The answer is the exact run of lines in the listing below from the line containing "Lovely table centre" up to and including the line containing "Cambio de horario", with pictures removed.

*** Opening RECORDED DATA ***

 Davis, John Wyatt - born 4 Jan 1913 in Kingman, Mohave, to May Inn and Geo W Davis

*** Closing RECORDED DATA ***
*** Opening RECORDED DATA ***

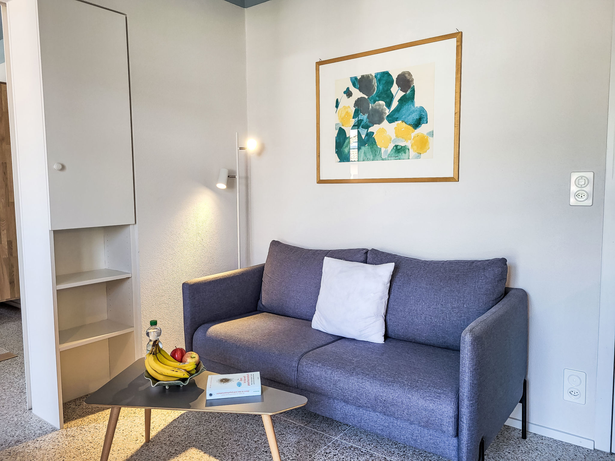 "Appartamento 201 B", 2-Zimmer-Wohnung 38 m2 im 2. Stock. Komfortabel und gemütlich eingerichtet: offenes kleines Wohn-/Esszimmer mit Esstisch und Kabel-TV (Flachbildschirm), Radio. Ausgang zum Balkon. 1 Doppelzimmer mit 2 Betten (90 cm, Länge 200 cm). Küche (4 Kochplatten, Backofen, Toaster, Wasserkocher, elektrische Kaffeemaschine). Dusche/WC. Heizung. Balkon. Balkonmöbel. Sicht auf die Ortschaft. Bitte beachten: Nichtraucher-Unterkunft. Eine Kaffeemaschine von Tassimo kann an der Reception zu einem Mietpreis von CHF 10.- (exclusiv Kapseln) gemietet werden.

*** Closing RECORDED DATA ***
*** Opening RECORDED DATA ***

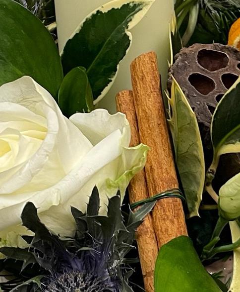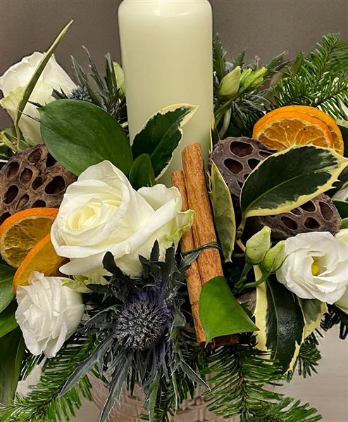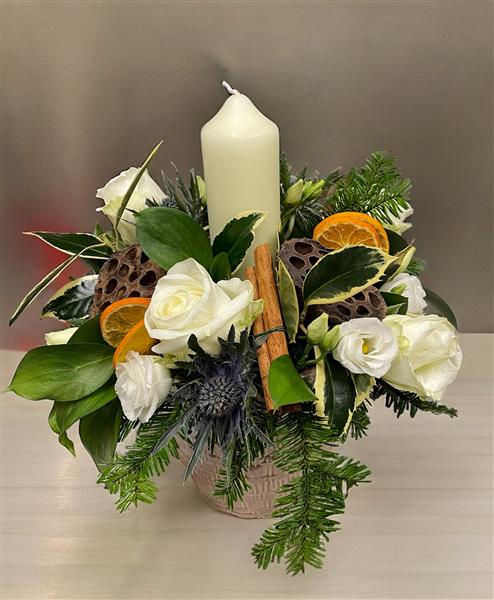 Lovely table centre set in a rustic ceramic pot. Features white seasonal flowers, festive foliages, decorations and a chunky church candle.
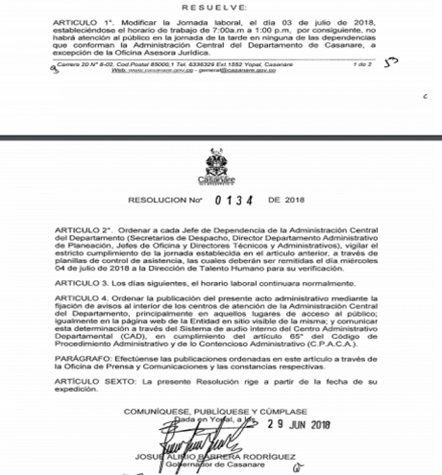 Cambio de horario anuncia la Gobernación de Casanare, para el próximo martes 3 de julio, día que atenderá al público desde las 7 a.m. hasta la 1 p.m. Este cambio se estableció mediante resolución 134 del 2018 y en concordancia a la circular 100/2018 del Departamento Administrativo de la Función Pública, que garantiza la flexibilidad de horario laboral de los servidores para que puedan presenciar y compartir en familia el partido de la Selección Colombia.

*** Closing RECORDED DATA ***

- _RESULT OF THE EXERCISE_
 Lovely table centre set in a rustic ceramic pot. Features white seasonal flowers, festive foliages, decorations and a chunky church candle.
 Cambio de horario anuncia la Gobernación de Casanare, para el próximo martes 3 de julio, día que atenderá al público desde las 7 a.m. hasta la 1 p.m. Este cambio se estableció mediante resolución 134 del 2018 y en concordancia a la circular 100/2018 del Departamento Administrativo de la Función Pública, que garantiza la flexibilidad de horario laboral de los servidores para que puedan presenciar y compartir en familia el partido de la Selección Colombia.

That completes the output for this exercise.